Exercise: Once you reach the line containing "FORMAZIONI UFFICIALI DI" in the entries below, write out that line and each one after it down to the line containing "O primeiro passo", exactly and with nothing added.

Supplied information:
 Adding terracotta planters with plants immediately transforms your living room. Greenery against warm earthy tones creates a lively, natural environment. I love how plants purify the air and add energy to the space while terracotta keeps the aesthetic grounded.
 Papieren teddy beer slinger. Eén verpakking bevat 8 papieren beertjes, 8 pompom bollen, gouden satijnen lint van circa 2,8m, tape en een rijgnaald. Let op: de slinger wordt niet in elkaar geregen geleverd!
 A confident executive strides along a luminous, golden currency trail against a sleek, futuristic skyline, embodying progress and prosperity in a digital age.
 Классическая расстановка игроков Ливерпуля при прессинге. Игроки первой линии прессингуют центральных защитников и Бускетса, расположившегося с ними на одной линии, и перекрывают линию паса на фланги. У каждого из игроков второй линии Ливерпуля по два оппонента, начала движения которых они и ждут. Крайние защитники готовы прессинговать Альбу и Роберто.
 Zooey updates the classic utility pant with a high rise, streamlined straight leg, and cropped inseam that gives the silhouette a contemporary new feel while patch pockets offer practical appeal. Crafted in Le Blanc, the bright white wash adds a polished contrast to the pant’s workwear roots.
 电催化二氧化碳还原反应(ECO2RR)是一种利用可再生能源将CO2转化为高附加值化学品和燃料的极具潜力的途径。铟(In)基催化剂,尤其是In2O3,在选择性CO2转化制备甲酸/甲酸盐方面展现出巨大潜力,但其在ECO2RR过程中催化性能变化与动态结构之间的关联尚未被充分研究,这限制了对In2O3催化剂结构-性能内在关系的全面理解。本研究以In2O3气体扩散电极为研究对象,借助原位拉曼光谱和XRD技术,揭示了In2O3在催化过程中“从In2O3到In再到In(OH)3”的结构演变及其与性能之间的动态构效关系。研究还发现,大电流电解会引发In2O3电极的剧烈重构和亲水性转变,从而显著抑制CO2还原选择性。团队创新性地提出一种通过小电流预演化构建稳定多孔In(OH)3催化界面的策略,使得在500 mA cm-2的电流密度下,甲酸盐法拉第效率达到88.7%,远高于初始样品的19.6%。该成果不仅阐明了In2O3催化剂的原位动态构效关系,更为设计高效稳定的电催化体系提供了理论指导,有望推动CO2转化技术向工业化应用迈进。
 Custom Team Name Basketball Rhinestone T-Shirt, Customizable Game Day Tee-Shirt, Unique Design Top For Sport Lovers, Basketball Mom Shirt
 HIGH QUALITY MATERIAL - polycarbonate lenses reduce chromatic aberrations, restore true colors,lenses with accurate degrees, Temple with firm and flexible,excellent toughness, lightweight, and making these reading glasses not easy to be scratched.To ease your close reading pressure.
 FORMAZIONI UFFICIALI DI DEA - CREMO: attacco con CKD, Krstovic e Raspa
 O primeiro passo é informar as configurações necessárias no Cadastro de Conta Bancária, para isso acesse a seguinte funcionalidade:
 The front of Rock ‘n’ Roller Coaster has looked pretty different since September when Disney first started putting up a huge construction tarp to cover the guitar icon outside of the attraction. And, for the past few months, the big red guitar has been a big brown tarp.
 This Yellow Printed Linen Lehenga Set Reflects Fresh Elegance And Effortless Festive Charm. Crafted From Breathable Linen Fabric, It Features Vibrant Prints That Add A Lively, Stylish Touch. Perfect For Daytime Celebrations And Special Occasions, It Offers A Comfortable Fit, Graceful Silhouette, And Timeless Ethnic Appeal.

---

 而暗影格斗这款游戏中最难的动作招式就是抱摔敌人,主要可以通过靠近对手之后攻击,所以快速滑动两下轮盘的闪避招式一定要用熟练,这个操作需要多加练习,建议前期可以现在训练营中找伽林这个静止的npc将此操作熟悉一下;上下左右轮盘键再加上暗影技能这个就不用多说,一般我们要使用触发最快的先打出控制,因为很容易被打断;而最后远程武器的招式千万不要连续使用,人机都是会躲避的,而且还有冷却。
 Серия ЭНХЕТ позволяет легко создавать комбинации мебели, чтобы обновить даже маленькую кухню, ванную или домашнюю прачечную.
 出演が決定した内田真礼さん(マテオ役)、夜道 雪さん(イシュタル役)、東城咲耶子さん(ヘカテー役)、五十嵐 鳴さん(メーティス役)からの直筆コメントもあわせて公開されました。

Solution for this task:
 FORMAZIONI UFFICIALI DI DEA - CREMO: attacco con CKD, Krstovic e Raspa
 O primeiro passo é informar as configurações necessárias no Cadastro de Conta Bancária, para isso acesse a seguinte funcionalidade:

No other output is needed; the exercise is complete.